The Bad River Band sued Enbridge in 2019 to force the company to remove the pipeline section from the reservation, arguing that the land easements allowing operation expired six years earlier and that the 73-year-old line was prone to a catastrophic spill. The litigation, along with further challenges, kept the reroute tied up for years.
In 2023, a judge ordered Enbridge to complete removal of the reservation segment by this June. The Bad River and conservation groups pressed for a broader shutdown of the line, and they continued to pursue legal obstacles that slowed progress on the company’s plan to reroute.
A key step came when an administrative law judge upheld Enbridge’s state wetlands permit on Feb. 13, clearing what the company described as the project’s last legal hurdle.
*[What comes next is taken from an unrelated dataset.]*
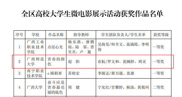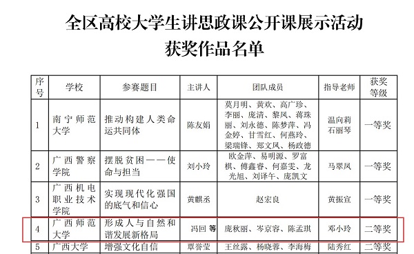 9月17日,由马克思主义学院邓小玲老师指导,2016级思想政治教育本科生冯回主讲的思政公开课《形成人与自然和谐发展新格局》在全区高校大学生讲思政课公开课展示活动中获得二等奖。马克思主义学院赵阳老师、电子工程学院贾越峰老师指导,由马院本科生自编自导,两个学院的学生参演制作的微电影《青春的颜色》,在全区高校大学生微电影展示活动中获得一等奖,并代表广西高校参加“我心中的思政课”——全国大学生微电影展示活动。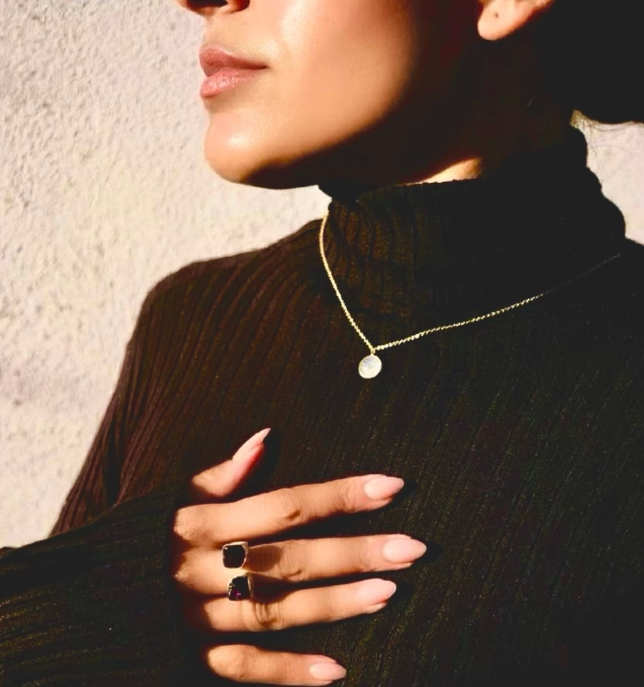 Silvery, subtle and slightly spellbound. This piece channels the moon's pull glowing softly against your skin with every phase and outfit.

After that decision, Kellner said, Enbridge crews began clearing trees in the new segment’s right-of-way.
Even with the permit upheld, the start of work does not end the legal fight. The Bad River and a coalition of environmental groups filed separate actions in Iron County Circuit Court this month seeking an immediate stay of the wetlands permit, saying regulators underestimated the damage reroute construction will cause.
Elizabeth Arbuckle, the Bad River tribal chair, said in a statement announcing the tribe’s filing that, “The Bad River watershed is not an oil pipeline corridor that exists to serve Enbridge’s profits. It is our homeland. We must protect it.” Kellner, responding to the stay request, said seeking a stay is not reasonable given that the project has been heavily scrutinized and that the public needs uninterrupted energy. She also said the pipeline serves 10 refineries and propane production facilities that serve millions of people across the Midwest and Great Lakes region.
The courts have not yet ruled on either of the new stay requests. The article reported that a hearing is scheduled in the Bad River’s case for Thursday.
Line 5 remains in another controversy in Michigan involving a 4.5-mile segment beneath the Straits of Mackinac that opponents say could rupture and trigger an ecological disaster. Enbridge has proposed encasing that portion in a protective tunnel and said it still needs additional permits from the U.S. Army Corps of Engineers and the Michigan Department of Environment, Great Lakes and Energy before construction can begin. Neither agency had issued approvals as of the report, though the corps said it has fast-tracked permitting under the authority of President Donald Trump’s 2025 energy emergency executive order. Meanwhile, Michigan Gov. Gretchen Whitmer and Attorney General Dana Nessel have filed lawsuits seeking to void the easements that allow the line to operate in the straits, and a federal judge blocked Whitmer’s action in December; the governor has appealed to the 6th U.S. Circuit Court of Appeals while the U.S. Supreme Court weighs whether Nessel’s lawsuit belongs in state or federal court.